Exercise objective: Under this task are some entries; return every one of them exactly.

═══ Data to examine

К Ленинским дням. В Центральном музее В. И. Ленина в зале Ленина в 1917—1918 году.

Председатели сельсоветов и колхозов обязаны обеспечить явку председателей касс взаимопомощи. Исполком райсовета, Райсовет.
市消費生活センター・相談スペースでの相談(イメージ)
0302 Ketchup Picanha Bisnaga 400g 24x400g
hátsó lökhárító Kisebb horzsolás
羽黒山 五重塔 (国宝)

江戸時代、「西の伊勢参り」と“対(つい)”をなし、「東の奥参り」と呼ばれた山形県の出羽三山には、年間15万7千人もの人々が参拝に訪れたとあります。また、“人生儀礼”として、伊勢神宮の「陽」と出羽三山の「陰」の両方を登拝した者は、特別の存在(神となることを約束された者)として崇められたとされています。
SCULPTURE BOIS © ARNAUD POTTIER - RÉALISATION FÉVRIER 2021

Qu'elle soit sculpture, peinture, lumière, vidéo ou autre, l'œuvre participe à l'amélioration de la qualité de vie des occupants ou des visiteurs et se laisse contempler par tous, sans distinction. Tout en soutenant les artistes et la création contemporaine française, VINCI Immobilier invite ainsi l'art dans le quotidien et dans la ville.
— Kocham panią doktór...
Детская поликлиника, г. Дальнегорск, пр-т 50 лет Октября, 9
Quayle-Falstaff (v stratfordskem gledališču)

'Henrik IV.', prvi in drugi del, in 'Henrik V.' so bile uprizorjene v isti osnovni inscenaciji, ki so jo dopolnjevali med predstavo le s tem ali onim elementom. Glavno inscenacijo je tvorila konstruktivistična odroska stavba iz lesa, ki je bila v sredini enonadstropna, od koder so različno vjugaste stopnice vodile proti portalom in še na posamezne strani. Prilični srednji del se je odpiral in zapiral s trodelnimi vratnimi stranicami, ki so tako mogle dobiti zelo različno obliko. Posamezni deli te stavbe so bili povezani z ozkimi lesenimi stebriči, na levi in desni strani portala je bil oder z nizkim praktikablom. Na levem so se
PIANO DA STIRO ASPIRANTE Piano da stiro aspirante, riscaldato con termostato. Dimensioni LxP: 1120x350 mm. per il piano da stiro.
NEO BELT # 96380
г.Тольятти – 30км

══════

Solution for this exercise:
К Ленинским дням. В Центральном музее В. И. Ленина в зале Ленина в 1917—1918 году.

Председатели сельсоветов и колхозов обязаны обеспечить явку председателей касс взаимопомощи. Исполком райсовета, Райсовет.
市消費生活センター・相談スペースでの相談(イメージ)
0302 Ketchup Picanha Bisnaga 400g 24x400g
hátsó lökhárító Kisebb horzsolás
羽黒山 五重塔 (国宝)

江戸時代、「西の伊勢参り」と“対(つい)”をなし、「東の奥参り」と呼ばれた山形県の出羽三山には、年間15万7千人もの人々が参拝に訪れたとあります。また、“人生儀礼”として、伊勢神宮の「陽」と出羽三山の「陰」の両方を登拝した者は、特別の存在(神となることを約束された者)として崇められたとされています。
SCULPTURE BOIS © ARNAUD POTTIER - RÉALISATION FÉVRIER 2021

Qu'elle soit sculpture, peinture, lumière, vidéo ou autre, l'œuvre participe à l'amélioration de la qualité de vie des occupants ou des visiteurs et se laisse contempler par tous, sans distinction. Tout en soutenant les artistes et la création contemporaine française, VINCI Immobilier invite ainsi l'art dans le quotidien et dans la ville.
— Kocham panią doktór...
Детская поликлиника, г. Дальнегорск, пр-т 50 лет Октября, 9
Quayle-Falstaff (v stratfordskem gledališču)

'Henrik IV.', prvi in drugi del, in 'Henrik V.' so bile uprizorjene v isti osnovni inscenaciji, ki so jo dopolnjevali med predstavo le s tem ali onim elementom. Glavno inscenacijo je tvorila konstruktivistična odroska stavba iz lesa, ki je bila v sredini enonadstropna, od koder so različno vjugaste stopnice vodile proti portalom in še na posamezne strani. Prilični srednji del se je odpiral in zapiral s trodelnimi vratnimi stranicami, ki so tako mogle dobiti zelo različno obliko. Posamezni deli te stavbe so bili povezani z ozkimi lesenimi stebriči, na levi in desni strani portala je bil oder z nizkim praktikablom. Na levem so se
PIANO DA STIRO ASPIRANTE Piano da stiro aspirante, riscaldato con termostato. Dimensioni LxP: 1120x350 mm. per il piano da stiro.
NEO BELT # 96380
г.Тольятти – 30км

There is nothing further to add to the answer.